I really enjoy any topic that allows me to combine my baseball experience and my degree in Exercise Science. One of my favorite topics is to discuss pitch counts.
Pitch counts have become more prevalent over the last ten years – for good reason. Young players are at risk of coming under the wrath of overbearing coaches who put winning ahead of a players health. We have all heard stories of the coach who pitches a young player because he is head and shoulders above any other pitcher on the roster. The overused player can become injured and the other players never get a chance to develop.
For those reasons, especially among young players, pitch counts are needed. But are pitch counts necessary at the high school and collegiate levels? At higher levels, you are more likely to have deeper talent and more competent coaches (I said more likely - it isn’t an absolute).
Before you start to roll your eyes – or leave this post altogether – hear me out. I also understand that most Major League organizations put per game pitch limits and season inning limits on their best prospects. But they do that most times because of the financial investment they have made in the player.
But is that smart? Doesn’t it seem that many times the twenty-something guys that throw outrageously hard in the minor leagues never reach their full potential? Is it because of pitch counts?
The exercise scientist in me says that throwing a lot allows you to throw harder and pitch longer. The only way to throw harder is to make your arm go faster. There are different ways to accomplish that – strength, momentum, and mechanics – but in the end, your arm speed is what matters.
While mechanics are important and strength training is a good complement, throwing is what primarily builds arm strength. What about stamina? Conditioning is important, but there really is no substitute for building muscle stamina through throwing.
But the best argument I have is the former Major League pitchers. These players rarely were injured and all seemed to throw harder. Let’s use the benchmark of 275 innings pitched in a season.
Bob Feller reached that mark seven times as did Bob Gibson.

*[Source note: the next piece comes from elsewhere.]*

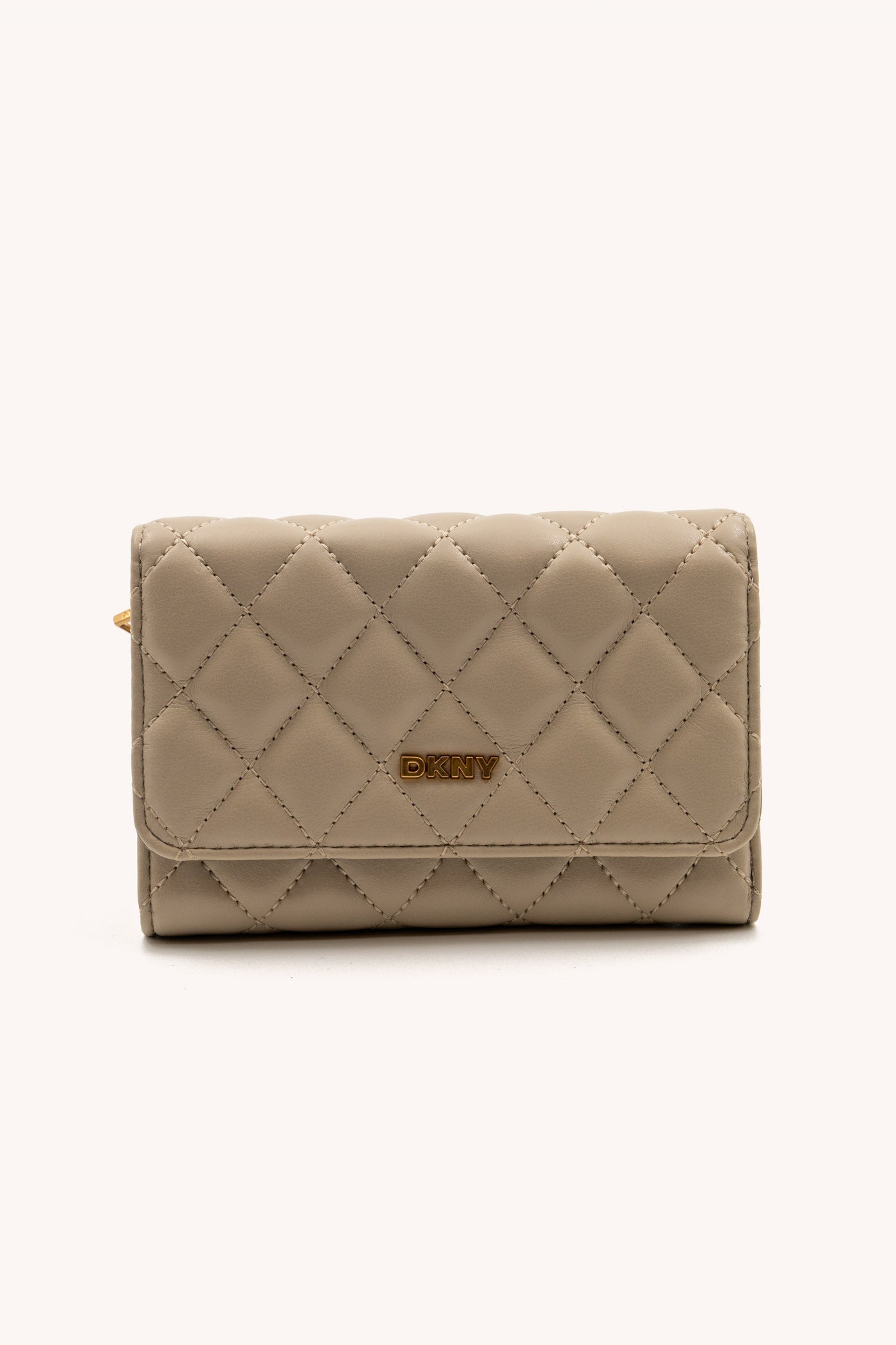 The DKNY Trina Tri-Fold Wallet in classic brown seamlessly blends sophistication with function. Thoughtfully designed, it features multiple card slots and a secure snap closure, ensuring your essentials are organized and stylish. Perfect for everyday use or as a chic accessory.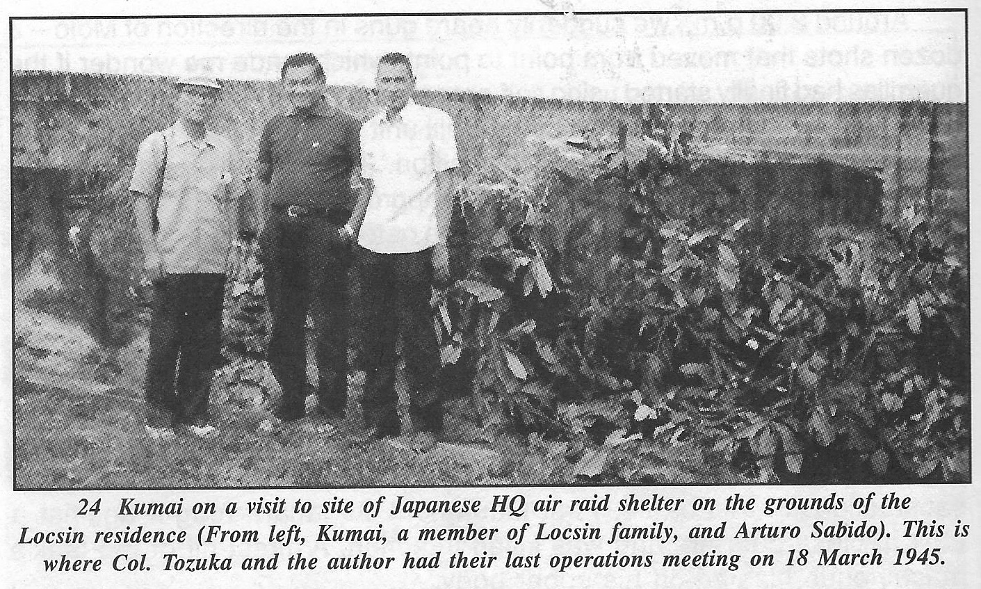 At the meeting, the headquarters staff all looked tense. Apart from Lieutenant Colonel Ryoichi Tozuka (unit commander). 1st Lieutenant Ishikawa, and myself, there were the following: Army Doctor Egami, Finance Officer 1st Lieutenant Kuge, 1st Lieutenant Yamamoto (deputy commander of the machine-gun force), Lieutenant Fujii of the 2nd Company, Captain Kaneyuki Koike (Kempeitai commander), and Lieutenant Noda of the 1st Company of the Tanabe unit, Commander Suzuki of the Transport Company, and 1st Lieutenant Mizutani (commander of the oil tank construction unit), a captain in charge of engineering of the airfield construction unit, Commander Ika of the Hôjin Company, 1st Lieutenant Nakamura of the remaining 102nd Division forces, President Kimura of the Japanese Association (Nihonjin-kai), and Medical Doctor Tanaka of the Iloilo Army Hospital. With a few dozen men, Captain Torao Saitô (machine gun unit commander) had left the previous night to lead the retreat of the Santo Rosario garrison at Guimaras. They managed to get back later that evening.

Don Drysdale, Tom Seaver and Nolan Ryan all had five seasons.
In comparison to some of the greatest pitchers of this and the last generation, Roger Clemens had one. Neither Randy Johnson (271.2) nor Andy Pettite (240.1) had a single season. Phillies’ stars Roy Halladay (266.0), Cliff Lee (231.2) and Roy Oswalt (241.2) have all failed to eclipse the 275 inning mark even once.
I understand that there is an argument that these players all have had long, successful careers. But I also don’t think it is fair to compare Major League players to high school and college players.
All I ask is you keep an open mind and really think about this. If your son or player isn’t throwing as hard as you feel they should, are they throwing enough, especially off the mound?